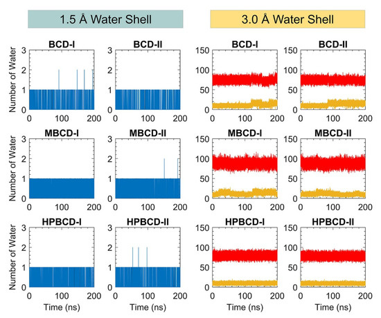 In addition, the dynamic of water molecules around inclusion complexes are investigated to gain more understanding about the role of the water molecule in binding and release states of plumbagin. The water molecule counting around inclusion complexes could represent the dynamic of water molecules and indicate the difference in the water network between binding and release states. However, the total number of water molecules inside the periodic box is large, and distant water molecules should not have significant interaction with the inclusion complexes. Therefore, two layers of spherical water shell were separately defined around BCDs and plumbagin molecules, with a radius of 1.5 and 3.0 Å. The number of water molecules inside both water shells was collected throughout 200 ns simulations, as shown in Figure 7.
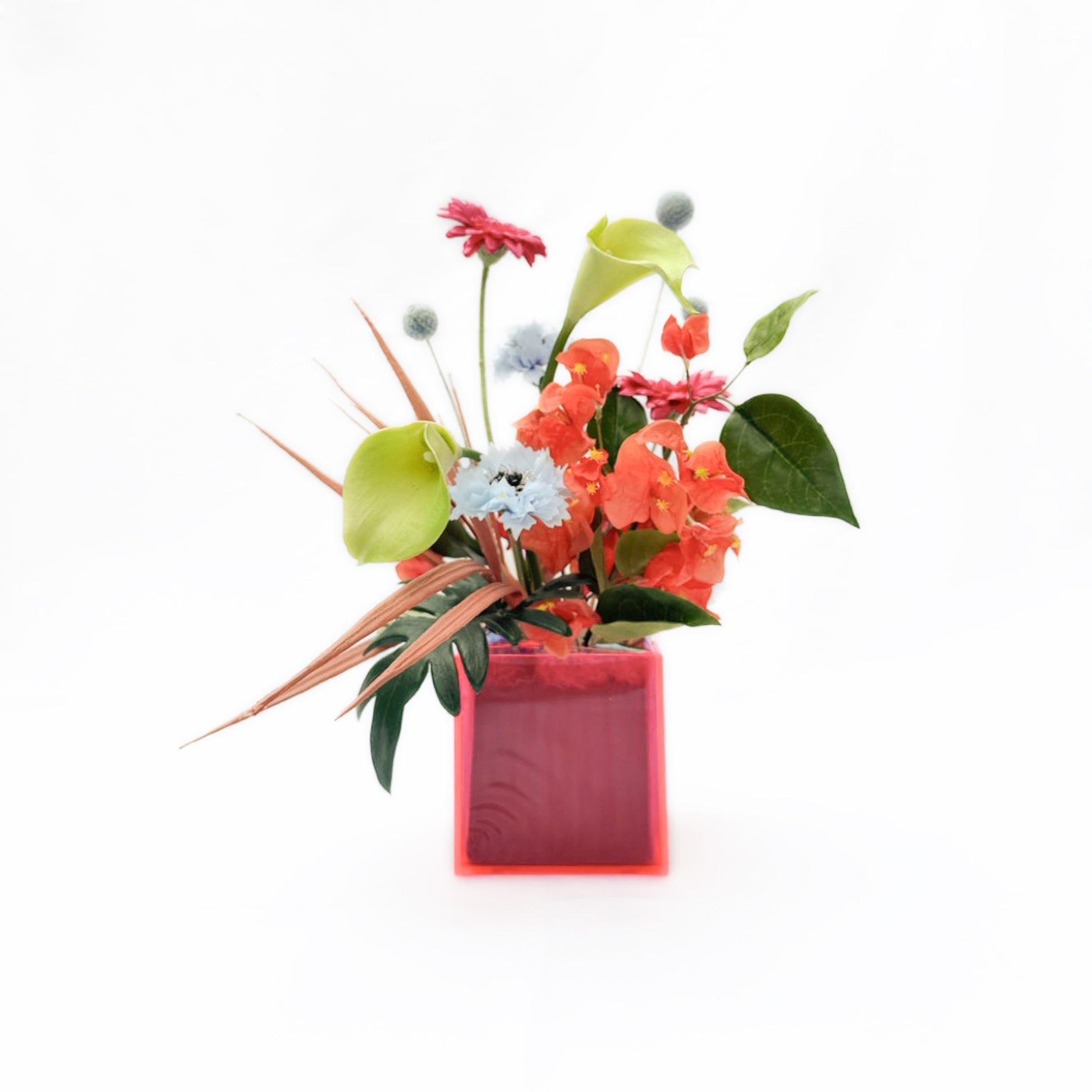 トランスペアレントなボックス型ポットに、ビビッドなネオンカラーを施し、オーロラフィルムとカラフルなモス(苔)でアクセントを加えた、ポップでファッショナブルなアレンジメントです。
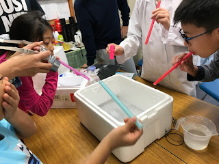 次にドライアイスの入った箱の中にシャボン玉を吹きました。
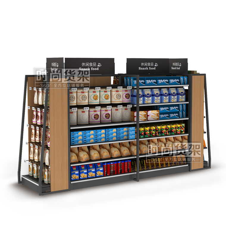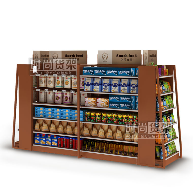 【產(chǎn)品名稱】高檔雙面中島架/品牌便利貨架/便利店木背板食品貨架
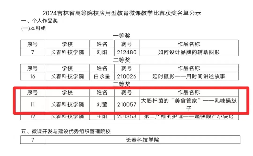 (四)刘莹教师参加吉林省高等院校应用型教育微课教学比赛,获得三等奖;
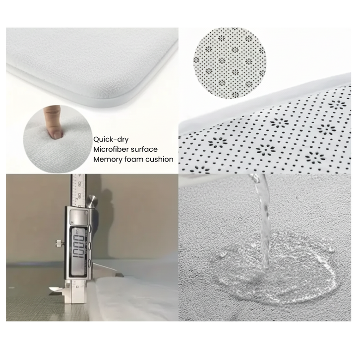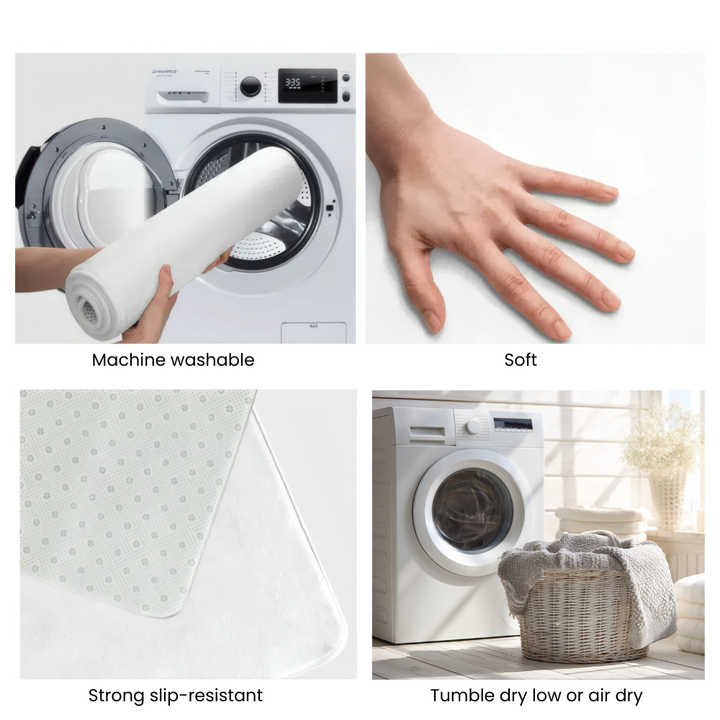 We've designed this rug with three thoughtful layers for ultimate comfort. The quick-dry, high-density velvet surface feels luxuriously soft and gentle against bare feet, while the breathable memory foam middle layer adds plush cushioning that makes every step a delight. The non-slip bottom keeps the rug securely in place on any floor, protecting your surfaces and preventing slips. It's perfect for kids and pets to play on, and naturally dampens noise throughout your home.

──────────

_DIRECTIONS_
The lines to copy begin at the one containing "(四)刘莹教师参加吉林省高等院校应用型教育微课教学比赛,获得三等奖;" and end at the last line of the records. Set down exactly those lines and no others, both ends included, and omit all pictures.

_ANSWER SPACE_
 (四)刘莹教师参加吉林省高等院校应用型教育微课教学比赛,获得三等奖;
 We've designed this rug with three thoughtful layers for ultimate comfort. The quick-dry, high-density velvet surface feels luxuriously soft and gentle against bare feet, while the breathable memory foam middle layer adds plush cushioning that makes every step a delight. The non-slip bottom keeps the rug securely in place on any floor, protecting your surfaces and preventing slips. It's perfect for kids and pets to play on, and naturally dampens noise throughout your home.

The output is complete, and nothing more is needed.